Harris Solomon is the Fred W. Shaffer Associate Professor of Cultural Anthropology at Duke University. He is the author of Lifelines: The Traffic of Trauma.
Maura Spiegel is the co-director of the Division of Narrative Medicine in the Department of Humanities and Ethics at the Columbia University Vagelos College of Physicians and Surgeons. She is a co-author of The Principles and Practice of Narrative Medicine.
Elizabeth Stephens is an associate professor of cultural studies at the University of Queensland and founder of the Australasian Health and Medical Humanities Network. She is a co-author, with Peter Cryle, of Normality: A Critical Genealogy.
Kathryn Tabb is an assistant professor of philosophy at Bard College. She works in the history and philosophy of medicine, medical ethics, and moral psychology.
Matthew A. Taylor is an associate professor in the Department of English and Comparative Literature at the University of North Carolina at Chapel Hill. He is the author of Universes without Us: Posthuman Cosmologies in American Literature.
Jane F. Thrailkill teaches US literature and health humanities at the University of North Carolina at Chapel Hill. She is a founding director of UNC’s health humanities lab (HHIVE) and author of Philosophical Siblings: Varieties of Playful Experience in Alice, William, and Henry James.
Helen Tilley is an associate professor of history and has a courtesy appointment in the Pritzker School of Law at Northwestern University. She is the author of Africa as a Living Laboratory: Empire, Development, and the Problem of Scientific Knowledge, 1870–1950.
Nancy Tomes is a Distinguished Professor of History at Stony Brook University. She is the author of Remaking the American Patient: How Madison Avenue and Modern Medicine Turned Patients into Consumers.
Corinna Treitel is a professor of History and co-founder of the medical humanities minor at Washington University in St. Louis. She is the author of Eating Nature in Modern Germany: Food, Agriculture, and Environment, 1870–2000.
Keir Waddington is a professor of history and co-director of the Science Humanities Initiative at Cardiff University. He is the author of An Introduction to the Social History of Medicine: Europe since 1500.

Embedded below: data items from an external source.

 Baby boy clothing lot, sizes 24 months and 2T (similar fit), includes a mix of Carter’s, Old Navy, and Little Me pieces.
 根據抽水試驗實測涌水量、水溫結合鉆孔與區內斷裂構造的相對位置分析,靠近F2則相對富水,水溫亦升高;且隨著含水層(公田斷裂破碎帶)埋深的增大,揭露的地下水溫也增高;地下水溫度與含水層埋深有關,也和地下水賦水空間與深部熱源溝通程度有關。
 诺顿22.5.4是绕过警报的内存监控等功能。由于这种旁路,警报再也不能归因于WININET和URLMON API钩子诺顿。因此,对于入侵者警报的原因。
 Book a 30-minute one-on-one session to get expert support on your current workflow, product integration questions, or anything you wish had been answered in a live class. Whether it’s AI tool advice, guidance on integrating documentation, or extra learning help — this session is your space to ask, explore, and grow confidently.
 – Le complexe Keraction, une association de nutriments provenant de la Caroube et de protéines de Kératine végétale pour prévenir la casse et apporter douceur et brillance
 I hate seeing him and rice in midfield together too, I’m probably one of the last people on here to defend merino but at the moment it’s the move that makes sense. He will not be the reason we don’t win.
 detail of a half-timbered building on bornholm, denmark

Priscilla Wald is the R. Florence Brinkley Professor of English at Duke University and author of Constituting Americans: Cultural Anxiety and Narrative Form (Duke University Press, 1995) and Contagious: Cultures, Carriers, and the Outbreak Narrative (Duke University Press, 2008). She is currently at work on a monograph entitled Human Being after Genocide.
Kym Weed is a teaching assistant professor of English and comparative literature at the University of North Carolina at Chapel Hill, where she is also the co-director of the HHIVE Lab and graduate programs in Literature, Medicine, and Culture. Her writings on health humanities and nineteenth-century science and literature have appeared in Journal of Medical Humanities and Literature and Medicine.

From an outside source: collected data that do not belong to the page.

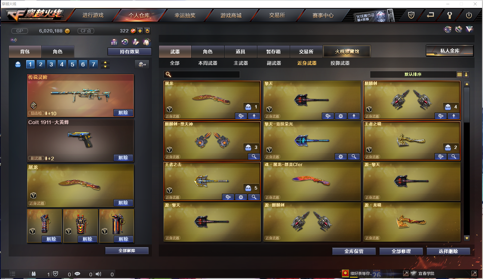 【近身武器】屠龙 擎天 麒麟刺 麒麟刺堕天神 擎天竞技荣光 王者之啸 王者之击 魂屠龙都是CFER 源擎天*2 源麒麟刺 源龙啸*2 源屠龙 金刚伞 荣耀之证
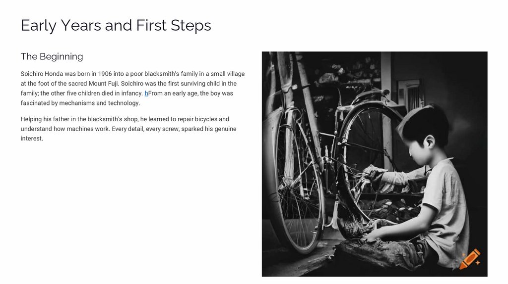 Soichiro Honda was born in 1906 into a poor blacksmith's family in a small village
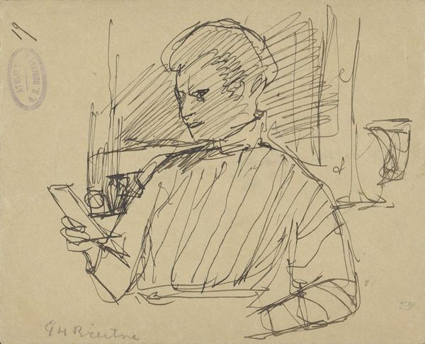 Isaac Israels sketched "Zittende man" with a graphite pencil, capturing a figure in quiet contemplation. The composition is immediately striking with its strong diagonal lines and contrast between the dark, densely shaded areas, and the open, lighter spaces. Observe how Israels uses line to delineate form, yet also allows it to dissolve into abstraction. The sitter's jacket, for instance, is rendered with bold strokes, almost standing alone as an independent shape on the page. The sketch plays with a balance between representation and non-representation, challenging our conventional understanding of portraiture. The overall effect is one of transience, as if the artist has captured a fleeting moment. This work invites us to consider the sketch as a site where the boundaries between the figure and ground, intention and accident, are constantly negotiated.
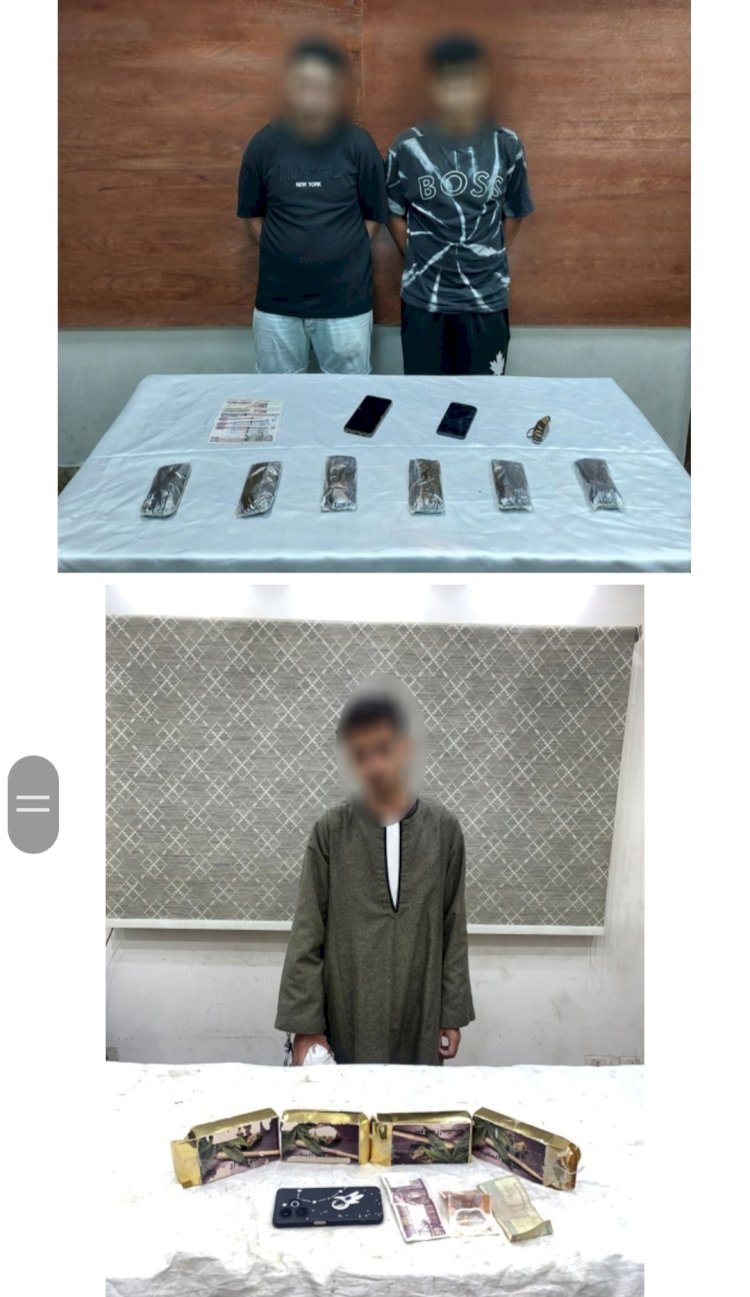 ضبط (عنصرين إجراميين "لأحدهما معلومات جنائية") بدائرة قسم شرطة السلام أول، وبحوزتهما (كمية من مخدر الأستروكس – 2000 قرص مخدر- كمية لمخدر البودر - فرد محلى وطلقتين - ميزان حساس - أدوات تصنيع المواد المخدرة). ضبط (عنصر إجرامى) بدائرة قسم شرطة الشروق، وبحوزته (2 كيلو جرام لمخدر الحشيش). ضبط (عنصرين إجراميين) بدائرة قسم شرطة مصر القديمة، وبحوزتهما (كيلو جرام لمخدر الشادو- سلاح أبيض). ضبط (عنصر إجرامى "له معلومات جنائية") بدائرة قسم شرطة الخليفة، وبحوزته (900 قرص مخدر– بندقية خرطوش وعدد من الطلقات). ضبط (3 عناصر إجرامية "لـ 2 منهم معلومات جنائية") ، وبحوزتهم (5 كيلو جرام لمخدر الأستروكس - 2 كيلو جرام لمخدر الحشيش- سلاح أبيض). تم إتخاذ الإجراءات القانونية.
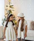 Роклята Écru Charm е от мека материя в екрю с бляскави сребристи и златисти нишки. Разкроен модел, с къс ръкав и нежна декорация- панделка с брошка. Добавете и шапката от същата материя.

Deborah F. Weinstein is an associate professor of American studies and the director of the Science, Technology, and Society Program at Brown University. She is the author of The Pathological Family: Postwar America and the Rise of Family Therapy.
Martin Willis is a professor of English literature and co-director of the ScienceHumanities Initiative at Cardiff University. He is the author of Vision, Science and Literature, 1870–1920 and editor of the Journal of Literature and Science.

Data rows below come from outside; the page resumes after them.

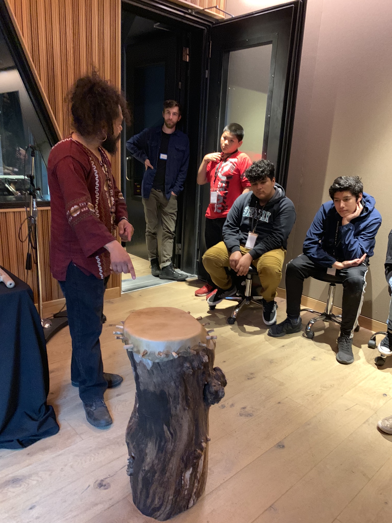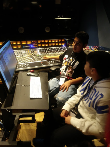 This field trip was sponsored by N.M. Bodecker Creative Foundation who provided use of their in house recording studio and staff time to support our curriculum with Latino Network. Bodecker Foundation Creative Director, Chris Funk, and Audio Engineer, Adam Lee, gave the students a crash course on recording studio basics. None of the students had ever been in a professional recording studio before, but quickly learned the ropes. It was an amazing experience for everyone involved.
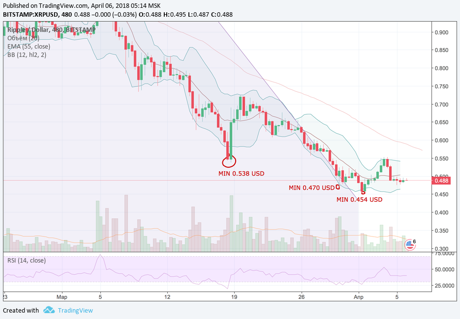 Средняя полоса Боллинджера пары XRP/USD находилась вчера на психологическом уровне «пятьдесят центов за рипл». Для консолидации рипл выбрал узкий диапазон под средней BB (Band Bollinger - Полосой Боллинджера), на уровне 0.49 USD. Таким образом минимальное значение апреля всё ещё сохраняется на отметке 0.454 USD. Полагаем, что долго носить гордое звание «апрельского минимума» уровню 0.454 USD не прийдётся. Уже в ближайшее время, после ре-теста верхней BB, минимум может обновиться.
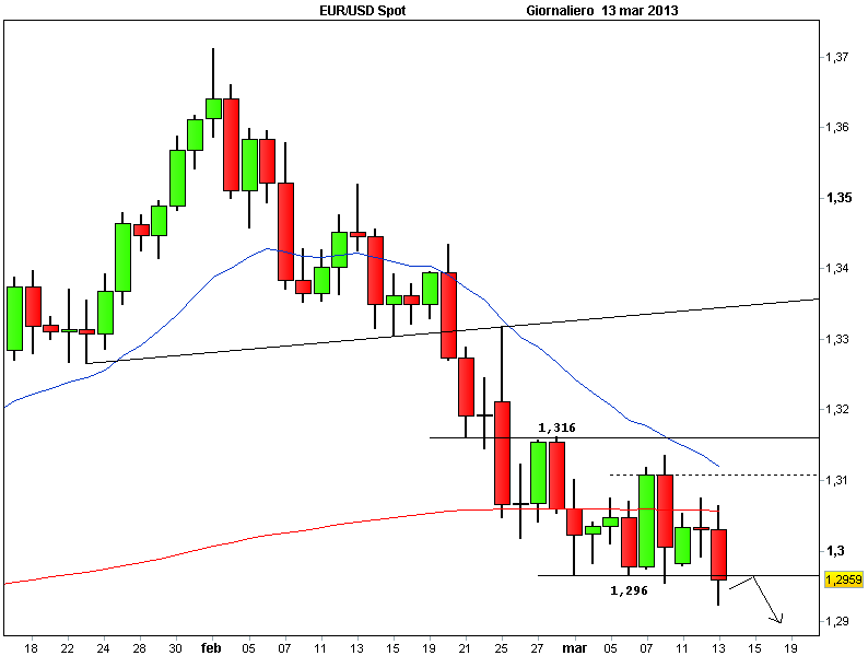 Il tasso di cambio euro/dollaro, che in mattinata era già salito fino in area 1,2980, potrebbe tentare un nuovo assalto all’area di resistenza di 1,2980 - 1,30. In caso di esito negativo, potrebbe iniziare velocemente una discesa verso 1,2920 prima e 1,2880 poi. Stamattina è in forte rialzo il cambio euro/yen, tornato sopra 125, mentre il cambio euro/sterlina è in area 0,8670.
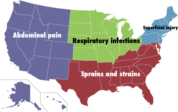 But each state has its unique boo-boos. As you can see from the map above, which I created from new data provided by the Agency for Healthcare Research and Quality, in the South, the most common complaint was a sprain or strain; for the West, it was abdominal pain; and for the Midwest, it was respiratory infections. (Not all states send their ER data to the AHRQ, so the agency lumps them together by region instead.)

Angela Woods is a professor of medical humanities and the director of the UK’s first Institute for Medical Humanities at Durham University. She is the author of The Sublime Object of Psychiatry: Schizophrenia in Clinical and Cultural Theory.
Kathleen Woodward is the Lockwood Professor in the Humanities and a professor of English at the University of Washington, where she directs the Simpson Center for the Humanities. She is the author of Statistical Panic: Cultural Politics and Poetics of the Emotions.